WHAT THE EXERCISE ASKS ▸ Repeat only the lines between the one with "Москва. 8 мая." and the end of the material below, both ends included. Omit any picture.

SUPPLIED INFORMATION ▸

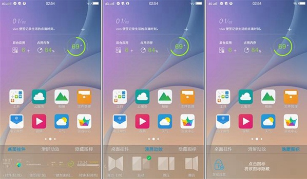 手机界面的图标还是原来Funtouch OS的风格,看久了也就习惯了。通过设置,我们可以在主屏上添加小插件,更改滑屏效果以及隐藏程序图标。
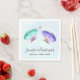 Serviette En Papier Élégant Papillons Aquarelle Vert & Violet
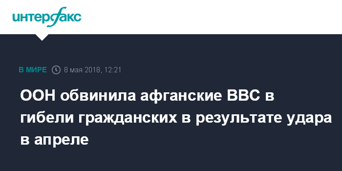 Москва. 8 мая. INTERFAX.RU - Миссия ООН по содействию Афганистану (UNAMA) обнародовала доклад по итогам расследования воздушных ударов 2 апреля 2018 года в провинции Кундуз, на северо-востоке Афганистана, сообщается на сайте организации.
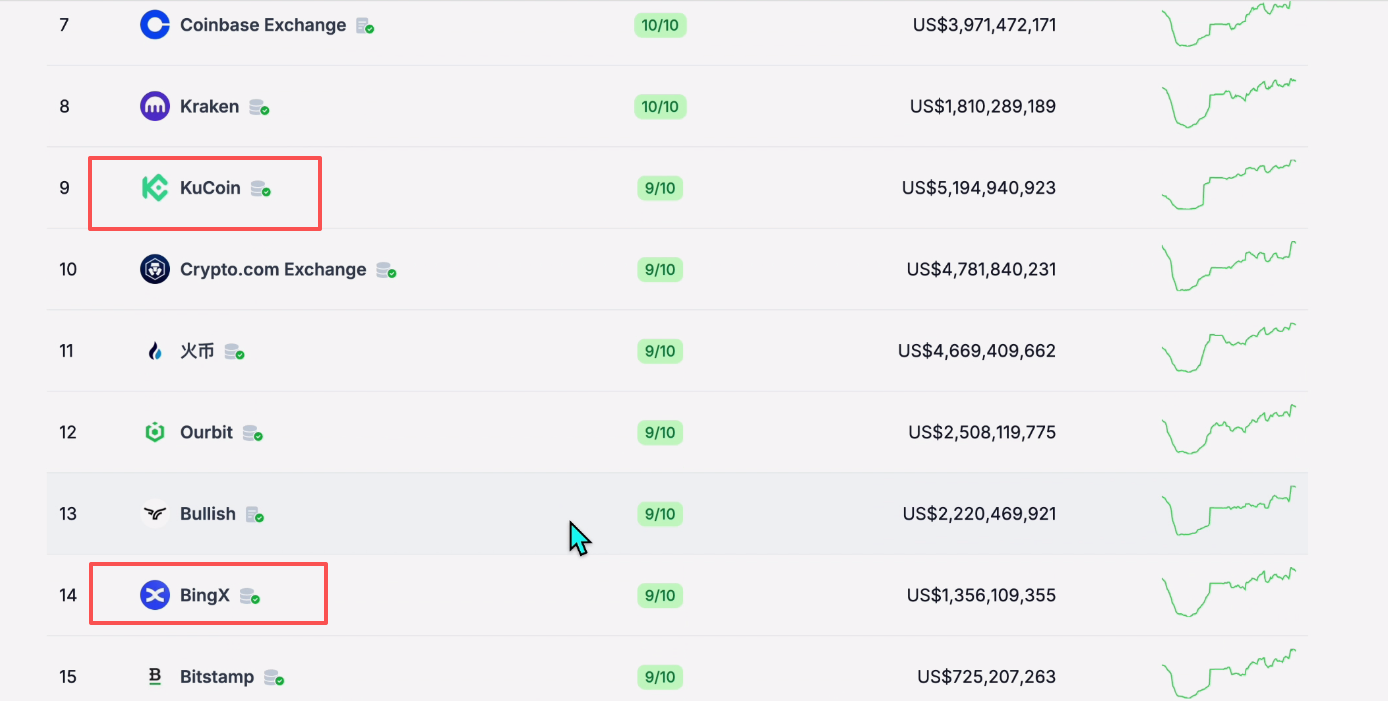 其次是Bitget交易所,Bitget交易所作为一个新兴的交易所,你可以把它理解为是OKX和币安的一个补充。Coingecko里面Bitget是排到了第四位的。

ANSWER TO THIS EXERCISE ▸
 Москва. 8 мая. INTERFAX.RU - Миссия ООН по содействию Афганистану (UNAMA) обнародовала доклад по итогам расследования воздушных ударов 2 апреля 2018 года в провинции Кундуз, на северо-востоке Афганистана, сообщается на сайте организации.
 其次是Bitget交易所,Bitget交易所作为一个新兴的交易所,你可以把它理解为是OKX和币安的一个补充。Coingecko里面Bitget是排到了第四位的。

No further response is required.